California parents have plenty to worry about during divorce, which can lead to serious tensions. From figuring out property division to settling on the right amount for child support, there are plenty of opportunities for emotional turmoil to take control. When issues are bad enough, some parents may even begin to question whether they are making the right choices regarding child custody. While it is normal to worry about children's well-being, evidence demonstrates that children still fare well when their parents' co-parenting relationship is not wholly cooperative.
Researchers looked at approximately 400 divorced parents who were co-parenting at least one child between the ages of 10 and 18. Researchers expected to find that children whose parents effectively co-parented with one another not only fared better emotionally, but also had more stable relationships with their parents. Factors in stable parent-child relationships included parental knowledge of things like the child's daily schedule.
What researchers discovered was that even parents who could not effectively co-parent with ex spouses still maintained good relationships with their children. These parents were more aware of their children, their children's friends and more than parents who were not involved in co-parenting at all.

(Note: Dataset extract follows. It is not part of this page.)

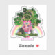 A sheet of 1 clear peel off sticker with a graphic illustration of a beautiful rainbow colored haired fairy with pretty blue eyes clutching a unicorn bag walking across a garden filled with pretty string lights, sakura cherry blossoms, a colorful rainbow and magic fairy dust. She has a pink template below her for your name. Ideal for little girls birthday party favor packs or for school books and lunch boxes.
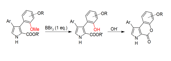 ✓ A metal-free approach to 3,4-diarylpyrrole-2-carboxylate and pyrrolocoumarin cores of lamellarins and related natural products based on Barton–Zard reaction of nitrostilbenes with ethyl isocyanoacetate was developed. In the case of diarylpyrrole-2-carboxylates with a 3-(o-methoxyphenyl) fragment, treatment with 1 equiv. of BBr3 resulted in selective O-demethylation of the ortho-methoxy group, while other methoxy groups in the molecule remained intact. The resulting 3-(2-hydroxyphenyl)pyrrole-2-carboxylates underwent baseinduced lactonization to form the target pyrrolocoumarins

The results came as a surprise to those conducting the study, as they had expected to discover that ineffective co-parenting relationships also negatively impacted children.
Some California parents might eschew the idea of co-parenting out of concern for their children. After all, it can be a lot to expect to maintain a civil relationship after going through the emotional turmoil of divorce. However, these results indicate that parents do not have to make unnecessary concessions in child custody arrangements, as even tumultuous co-parenting relationships can benefit children.